═════ Working data ═════

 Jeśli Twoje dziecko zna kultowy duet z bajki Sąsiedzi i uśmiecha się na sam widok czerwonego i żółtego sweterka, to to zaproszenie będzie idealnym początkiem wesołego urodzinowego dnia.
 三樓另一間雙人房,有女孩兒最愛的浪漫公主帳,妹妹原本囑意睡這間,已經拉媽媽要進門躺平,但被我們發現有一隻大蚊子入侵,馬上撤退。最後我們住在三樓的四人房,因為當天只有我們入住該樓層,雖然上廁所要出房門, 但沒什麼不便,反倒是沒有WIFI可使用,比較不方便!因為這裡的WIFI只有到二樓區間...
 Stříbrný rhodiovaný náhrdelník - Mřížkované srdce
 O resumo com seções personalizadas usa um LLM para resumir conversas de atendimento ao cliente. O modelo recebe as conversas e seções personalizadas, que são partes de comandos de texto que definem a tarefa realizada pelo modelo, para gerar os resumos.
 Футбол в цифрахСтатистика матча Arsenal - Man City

═════
═════ Working data ═════

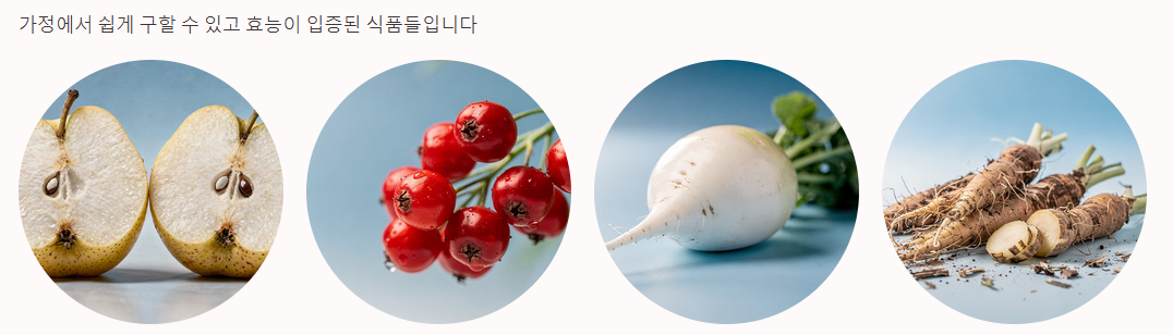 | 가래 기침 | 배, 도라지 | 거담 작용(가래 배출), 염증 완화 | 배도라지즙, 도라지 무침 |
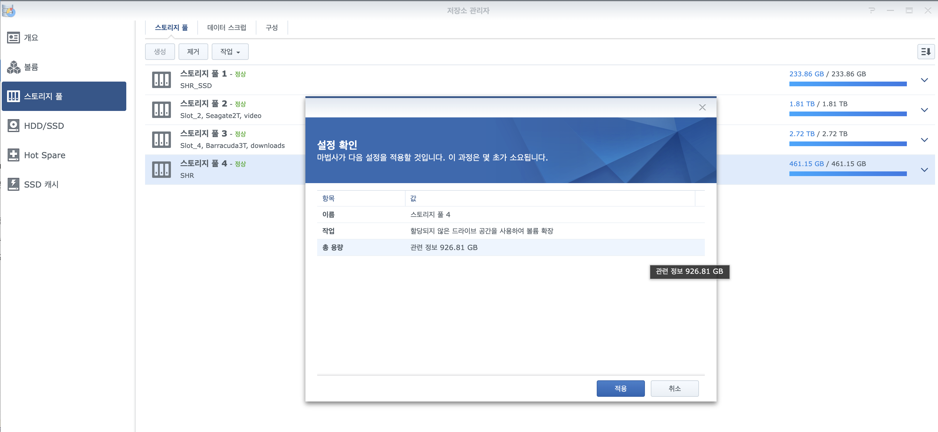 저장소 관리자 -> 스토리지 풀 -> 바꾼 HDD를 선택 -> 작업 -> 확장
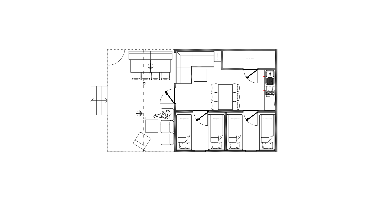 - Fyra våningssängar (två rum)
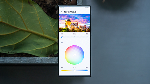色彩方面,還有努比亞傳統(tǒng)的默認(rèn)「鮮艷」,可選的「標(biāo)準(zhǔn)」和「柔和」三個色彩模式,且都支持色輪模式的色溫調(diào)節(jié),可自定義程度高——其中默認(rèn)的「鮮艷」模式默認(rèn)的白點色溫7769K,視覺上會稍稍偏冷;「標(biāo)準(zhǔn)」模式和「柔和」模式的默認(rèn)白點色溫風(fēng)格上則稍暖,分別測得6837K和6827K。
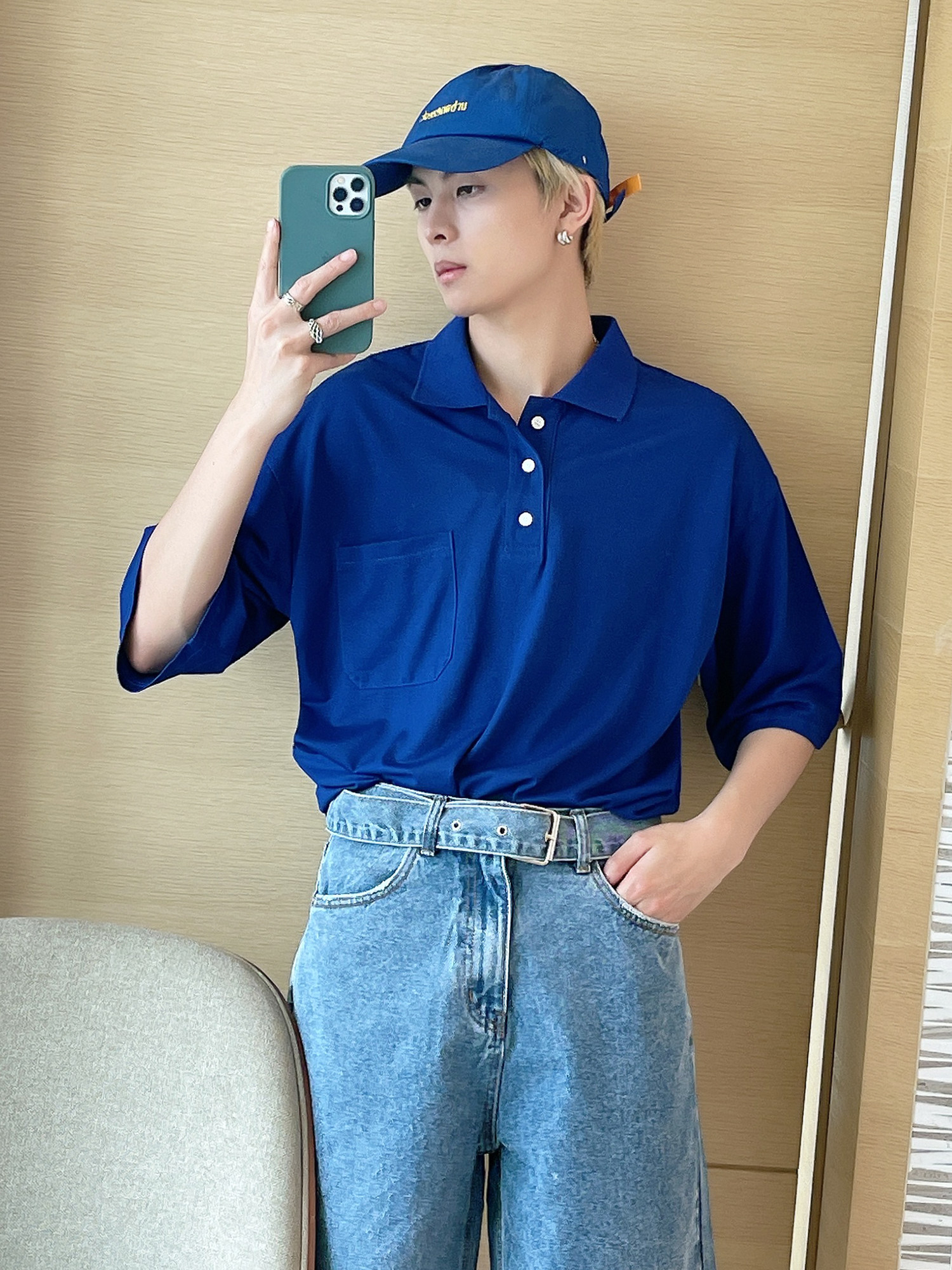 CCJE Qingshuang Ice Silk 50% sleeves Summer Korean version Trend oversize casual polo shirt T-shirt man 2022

═════

What you should do - Your reply is to be an exact repeat of the listing above from the line holding "배도라지즙, 도라지 무침 |" down to the line holding "CCJE Qingshuang Ice", ends included, pictures excluded.

Problem solution -
 | 가래 기침 | 배, 도라지 | 거담 작용(가래 배출), 염증 완화 | 배도라지즙, 도라지 무침 |
 저장소 관리자 -> 스토리지 풀 -> 바꾼 HDD를 선택 -> 작업 -> 확장
 - Fyra våningssängar (två rum)
色彩方面,還有努比亞傳統(tǒng)的默認(rèn)「鮮艷」,可選的「標(biāo)準(zhǔn)」和「柔和」三個色彩模式,且都支持色輪模式的色溫調(diào)節(jié),可自定義程度高——其中默認(rèn)的「鮮艷」模式默認(rèn)的白點色溫7769K,視覺上會稍稍偏冷;「標(biāo)準(zhǔn)」模式和「柔和」模式的默認(rèn)白點色溫風(fēng)格上則稍暖,分別測得6837K和6827K。
 CCJE Qingshuang Ice Silk 50% sleeves Summer Korean version Trend oversize casual polo shirt T-shirt man 2022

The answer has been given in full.